Dans son livre "Range, le règne des généralistes", David Epstein montre comment on nous a fait croire que tout qui veut développer un talent, jouer d’un instrument ou être à la pointe de son domaine devrait commencer tôt, s’y consacrer intensément et accumuler la bagatelle de 10 000 heures de formation spécialisée. En réalité, les recherches d’Epstein menées sur les meilleurs performeurs au monde, que ce soient des athlètes professionnels ou des lauréats d’un Nobel, lui ont montré que la spécialisation précoce est l’exception plutôt que la règle. Les meilleurs athlètes, artistes, musiciens, inventeurs, prévisionnistes et scientifiques au monde sont… des généralistes (surtout dans les domaines complexes et imprévisibles). Ils sont aussi plus créatifs, plus flexibles et plus à même de faire des connexions que leurs pairs plus spécialisés n’arrivent pas à discerner.

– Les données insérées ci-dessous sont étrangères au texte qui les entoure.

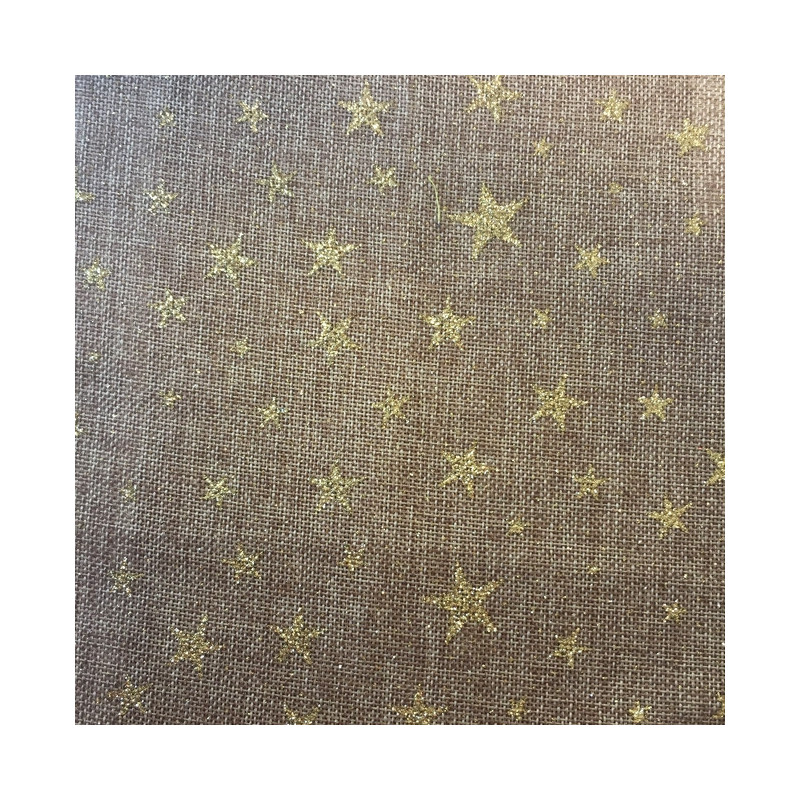 Tissu effet jute avec des imprimés étoiles couleur dorée donnera une touche festive à vos créations. Laissez vous séduire par le chic de ce tissu. Il conviendra parfaitement une large gamme de création.

Ça devrait être obligatoire

Ça devrait être obligatoire, Tara. On devrait être obligé de s’assurer qu’on aura toujours un monde habitable dans quelques années. On devrait emmener les dirigeants, CEO, enseignants, papas, mamans et journalistes à des rassemblements comme le SXSW. Pour les forcer, même si ça n’est qu’une petite semaine, à regarder plus loin que le bout de leur nez pour envisager où les vents actuels nous mènent. Pour les inviter à prendre un moment pour réfléchir à toutes ces nouvelles réflexions. Pour leur insuffler la force de remettre le statu quo en question. Pour les mettre au défi de faire passer la raison avant le profit. La clé de ton avenir est quelque part là-dedans, Tara. Et j’espère que toi, en tant que première princesse-astronaute, tu la trouveras.

Parce que comme l’a bien dit Bertrand Piccard, ta génération va devoir accomplir un fameux exploit : sauver la planète.